EXERCISE REQUIREMENTS: Pictures should be left out while the data beneath this task is written out word for word.
[GIVEN MATERIAL]
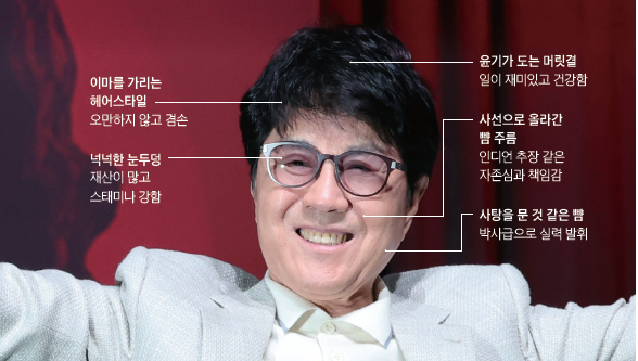머릿결에 윤기가 도는 것을 보면 그는 건강관리를 매우 잘하고 있는 듯하다. 슈퍼스타는 대개 이마를 드러내는 헤어스타일을 즐겨한다. 훤히 드러난 이마는 ‘나는 나’라며 스스로에게 권위를 부여하는 왕관이다. 그런데 조용필은 데뷔 시절부터 한결같이 이마를 가리는 스타일을 고수했다. 스타이면서도 오만하지 않고 정치색도 내지 않는 겸손한 사람이다.
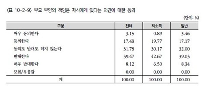 저소득 가구원의 찬성 비율은 20.66%였고 일반 가구원의 찬성 비율은 20.63%로 사실상 차이가 없었다. 반대 비율 역시 저소득 가구 49.17%, 일반 가구 47.37%로 사회 전 계층에서 부모 부양을 자녀의 전적인 몫으로 보지 않는 기조가 뚜렷했다.
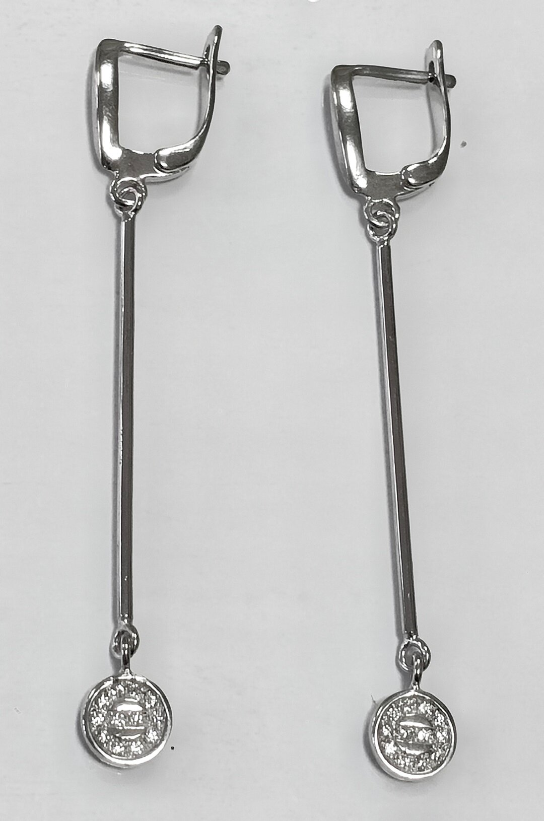 Модель с подвесками украшена вставками из фианита круглой формы. Фианит – это синтетический камень, который по своим свойствам не уступает природному бриллианту, но при этом имеет более доступную цену.
[/GIVEN MATERIAL]
RESPONSE AREA:
머릿결에 윤기가 도는 것을 보면 그는 건강관리를 매우 잘하고 있는 듯하다. 슈퍼스타는 대개 이마를 드러내는 헤어스타일을 즐겨한다. 훤히 드러난 이마는 ‘나는 나’라며 스스로에게 권위를 부여하는 왕관이다. 그런데 조용필은 데뷔 시절부터 한결같이 이마를 가리는 스타일을 고수했다. 스타이면서도 오만하지 않고 정치색도 내지 않는 겸손한 사람이다.
 저소득 가구원의 찬성 비율은 20.66%였고 일반 가구원의 찬성 비율은 20.63%로 사실상 차이가 없었다. 반대 비율 역시 저소득 가구 49.17%, 일반 가구 47.37%로 사회 전 계층에서 부모 부양을 자녀의 전적인 몫으로 보지 않는 기조가 뚜렷했다.
 Модель с подвесками украшена вставками из фианита круглой формы. Фианит – это синтетический камень, который по своим свойствам не уступает природному бриллианту, но при этом имеет более доступную цену.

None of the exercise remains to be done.